Regarding the penalties for these offences, a dog abduction will be a triable offence either way. Conviction on indictment will carry a maximum term of five years’ imprisonment or a fine, or both. Summary conviction in England and Wales carries a penalty of imprisonment for a term not exceeding the general limit in a magistrate’s court, which is currently six months, a fine or both. Summary conviction in Northern Ireland carries a penalty imprisonment for a term not exceeding 12 months, a fine not exceeding the statutory maximum, or both. Lastly, subsection (8) of clause 1 includes definitions for “taking” and “detaining” for the purposes of the clause.

We come on to clause 2, which deals with cats. Cats have been added following a lot of work by the pet theft taskforce and the all-party parliamentary group on cats. It makes it an offence for a person to take a cat in England and Northern Ireland so as

“to remove it from the lawful control of any person”.

While the taking of a cat can be an offence, detaining a cat will not be, thus reflecting the different behaviour, with cats being more free-roaming than dogs. That definition also avoids criminalising well-meaning behaviour where a person looks after a cat that they thought was stray, abandoned or lost. That is the “Granny Meow” difference, which was much discussed on Second Reading.

As with clause 1, subsection (2) creates a mirror exemption, identical to the case of dogs, to exclude from the scope of the offence domestic disputes over the custody of a cat between partners going their separate ways. Again, as with clause 1, subsection (3) sets out a mirror defence of

“lawful authority or a reasonable excuse for taking the cat”

and again, as with clause 1, the cat abduction offence is triable either way and the penalty provisions are identical to that of dog abduction. There is no hierarchy or difference between dogs and cats.

Clause 3 is the enabling clause, which enables other animals commonly kept as pets to be protected at a later date. Clause 3 gives a power to the appropriate national authority in England or Northern Ireland to amend the Bill to extend the offences in clause 1 or 2 to include further species of animal commonly kept as pets. The power may be exercised when there is evidence that there is a significant increase in incidents of unlawful taking or detaining of animals of that species.

I congratulate my hon. Friend on this important Bill and on its cross-party support. She and I have discussed the issue of indoor pedigree cats, particularly ragdolls, which are beloved of me, Taylor Swift, Holly Willoughby and others. Can my hon. Friend assure me that, should it be necessary to extend some of the dog provisions in relation to holding indoor cats, the provision in clause 3 would allow a consideration of further extension of powers to protect indoor cats?

My hon.

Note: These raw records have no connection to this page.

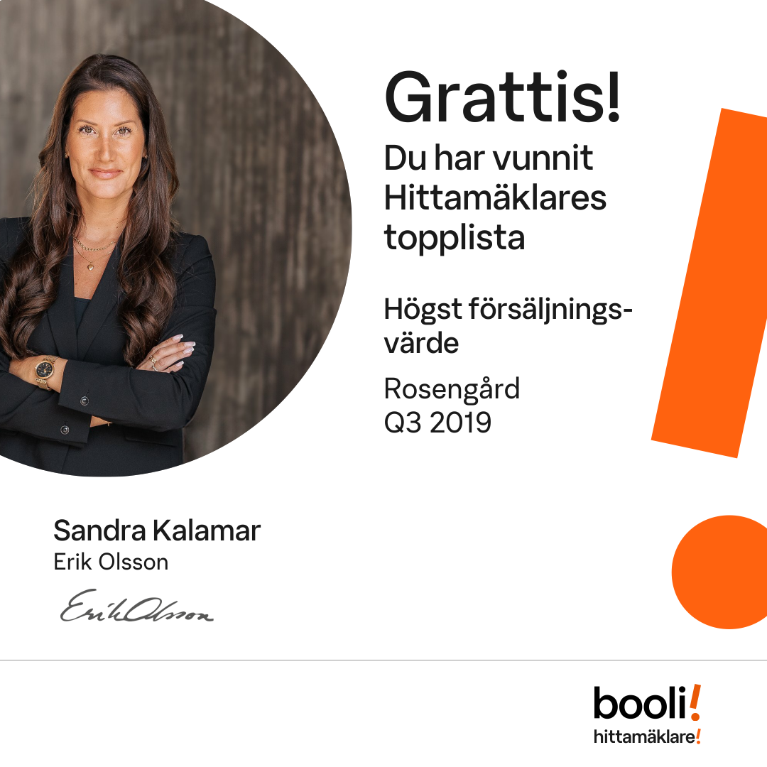 Statistik för publicerade bostäder, försäljningar och omdömen baseras på data från Booli och Hittamäklare. Statistiken för försäljningar avser inrapporterade och verifierade slutpriser från mäklare eller av Booli inhämtade och verifierade slutpriser. Statistiken för publicerade bostäder baseras på information som publicerats på Booli.se. Statistik för omdömen och rekommendationer baseras på omdömen från säljare som lämnats via Booli och Hittamäklare.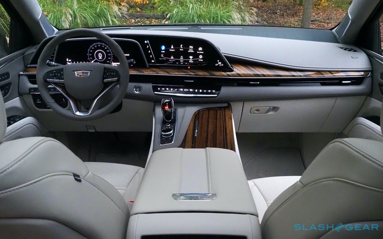 It means you get the same three-row luxury as I found in the 2021 Escalade V8, complete with its throne-like seating, huge curved OLED dashboard, and a healthy array of technology and standard safety equipment. 2WD and 4WD configurations are available, and soon you'll be able to add Enhanced Super Cruise, which I still contend no Escalade buyer should leave the dealership without.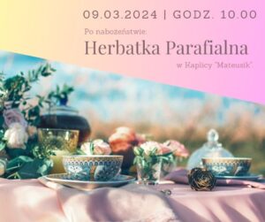 HERBATKA PARAFIALNAW wiosennej aurze zapraszamy na Herbatkę Parafialną w najbliższą niedzielę, 9. marca, po nabożeństwie. Pliki do pobrania herbatka parafialna (2)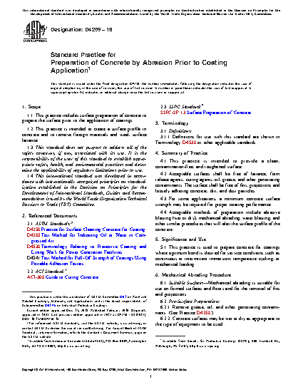 1.1 This practice includes surface preparation of concrete to prepare the surface prior to the application of coatings.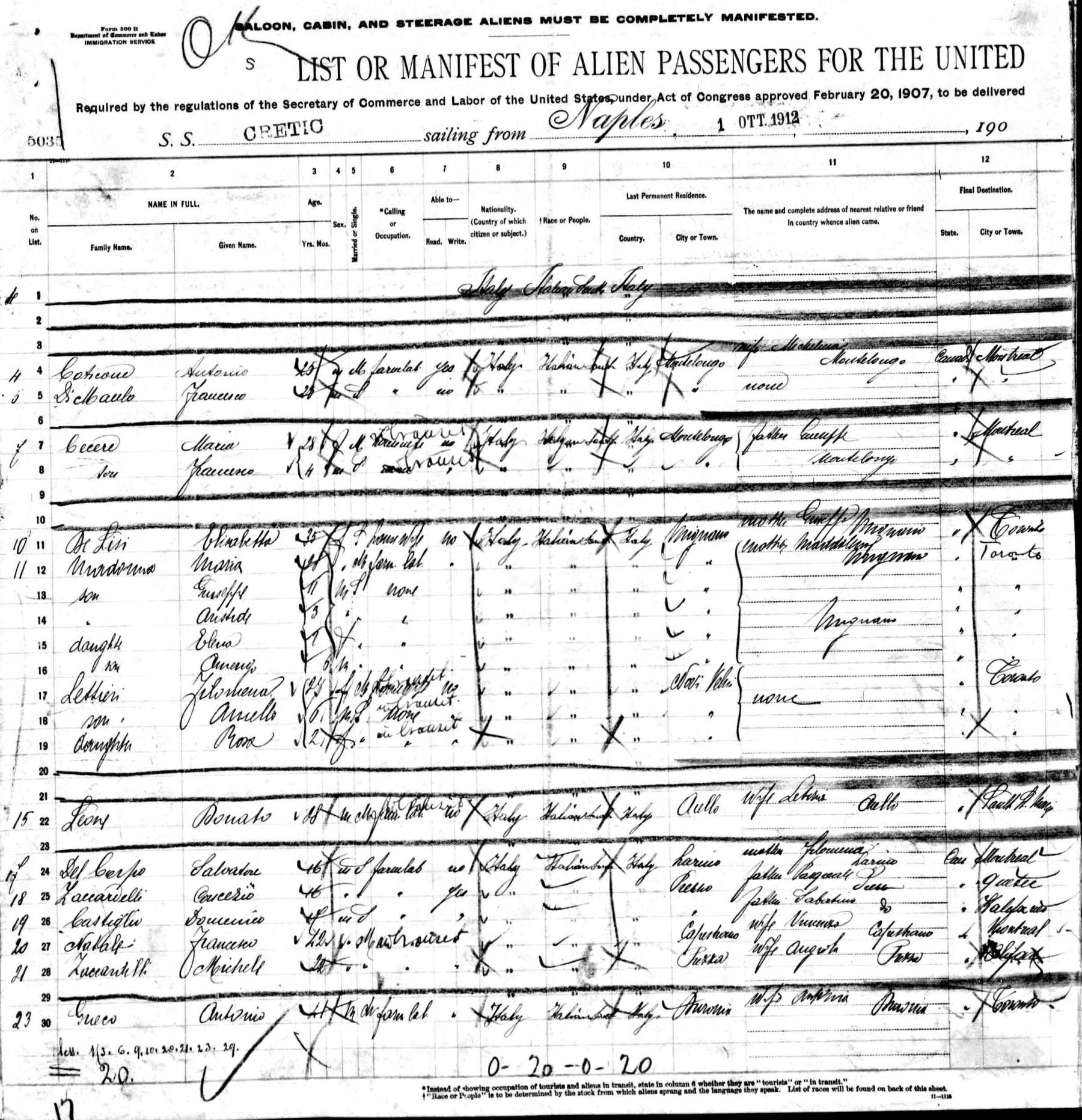 departed from Naples 1 October 1912 and arrived Boston 14 October 1912,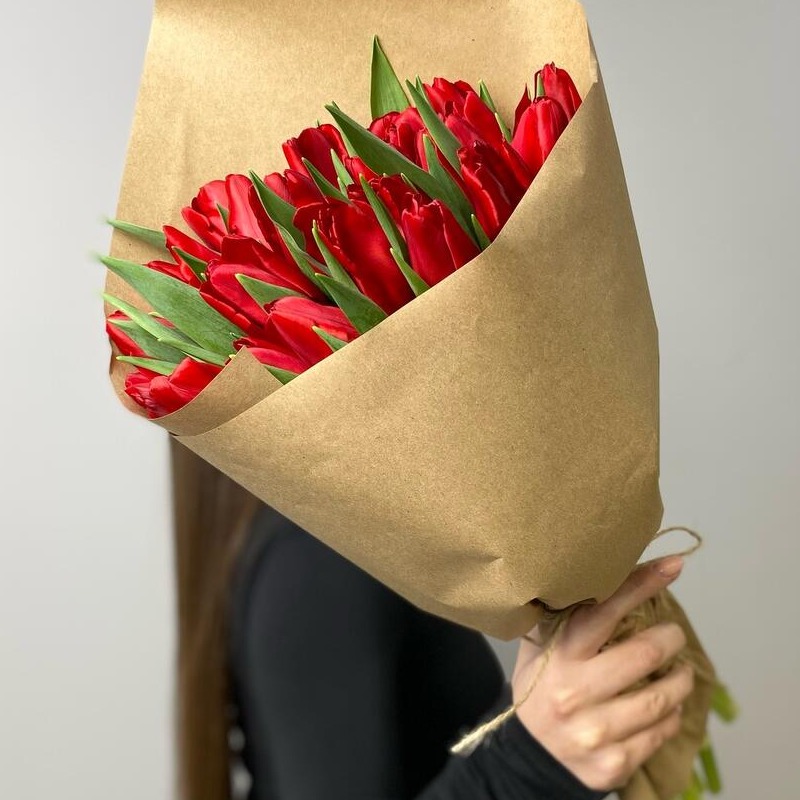 25 красных фермерских тюльпанов ПРЕМИУМ
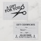 Um certificado retro, moderno e do divertimento do cartão de visita de presente com as palavras de "certificado presente" em um grande, impressão alto com um par de tesouras/tesouras em um fundo cinzento do polkadot. Aperfeiçoe para cabeleireiros, hairstylists, armários do cabelo, cosmetologists, cosmetologia, salões de beleza, termas e mais!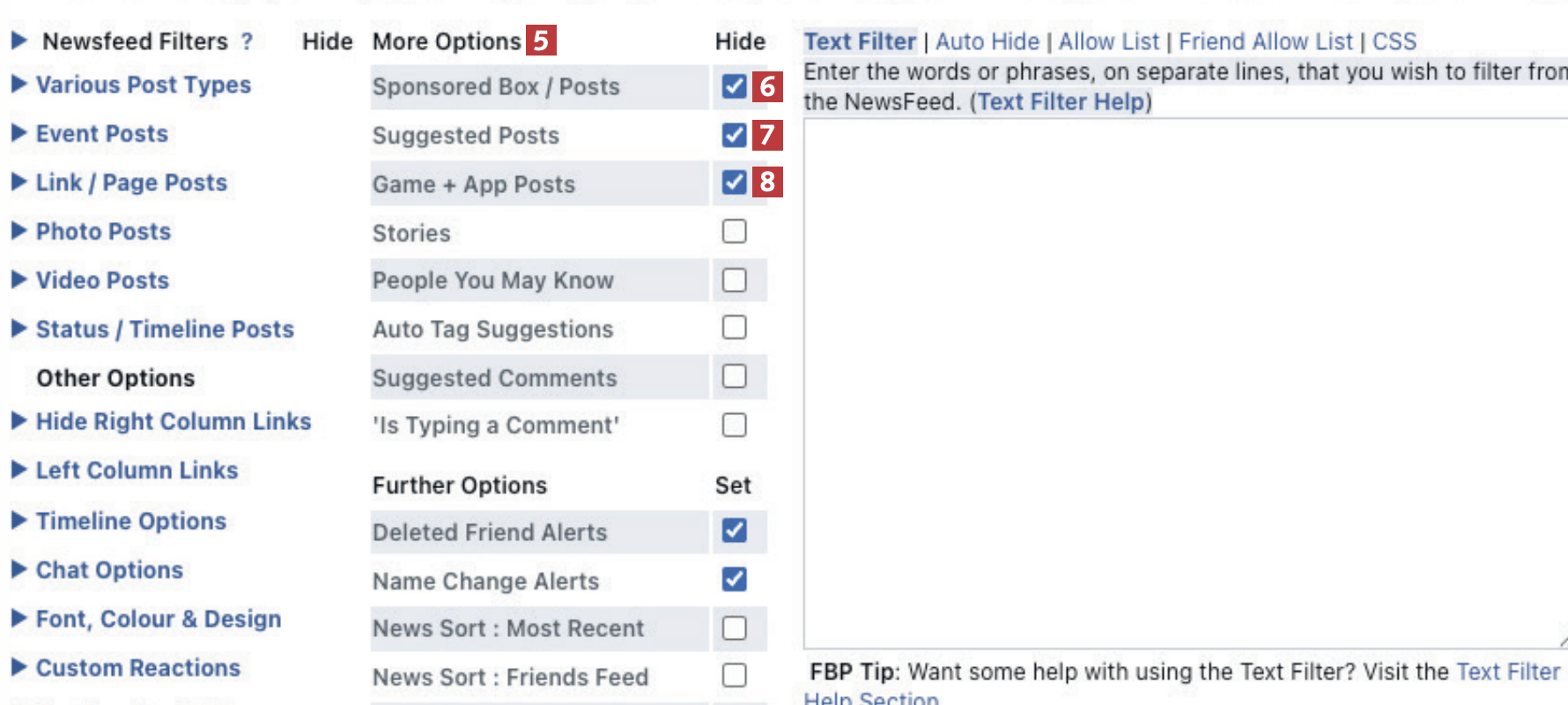 Dermed åbner F.B. Puritys indstillinger. Under More Options 5 sætter du markering ved Sponsored Box / Posts 6, Suggested Posts 7 og Game + App Posts 8. Dermed slipper du for annoncer, anbefalinger af opslag samt opslag om spil og apps.

Friend has been a champion for cats, the ragdoll breed in particular—what an absolutely beautiful breed it is. I can assure her that clause 2, which deals with cats, will deal in its entirety with the taking of a ragdoll cat. I do not immediately see any need to amend clause 2, but should that be necessary, my hon. Friend is right that clause 3 should enable further provisions. I thank her for bringing that point and the whole issue of indoor cats to the Committee’s attention.

Under clause 3, I was just saying that the power can only be exercised where there is evidence of not only one incident of unlawful taking or detaining of another pet, but an increasing picture. The regulations that apply the offences to other species of animal can allow for different exceptions or defences, which again brings us to the point my hon. Friend the Member for Dover was talking about. However, they cannot alter the penalties set out in the Bill.

Subsection (5) requires that the appropriate national authority consult appropriate persons before making such regulations under the clause. The appropriate national authority is defined in subsection (6) as the Secretary of State in relation to England and the Department of Agriculture, Environment and Rural Affairs in Northern Ireland. Any regulations made under this enabling clause are subject to the affirmative procedure in the normal way, meaning that the draft regulations must be laid before and approved by resolution of each House of Parliament or the Northern Ireland Assembly.

We now come to the technical provisions. Subsection (10) allows regulations under this clause to include different provision for different purposes, and consequential and other standard provisions. Subsection (11) includes explicit provision to amend the Magistrates’ Courts (Northern Ireland) Order 1981 in that respect.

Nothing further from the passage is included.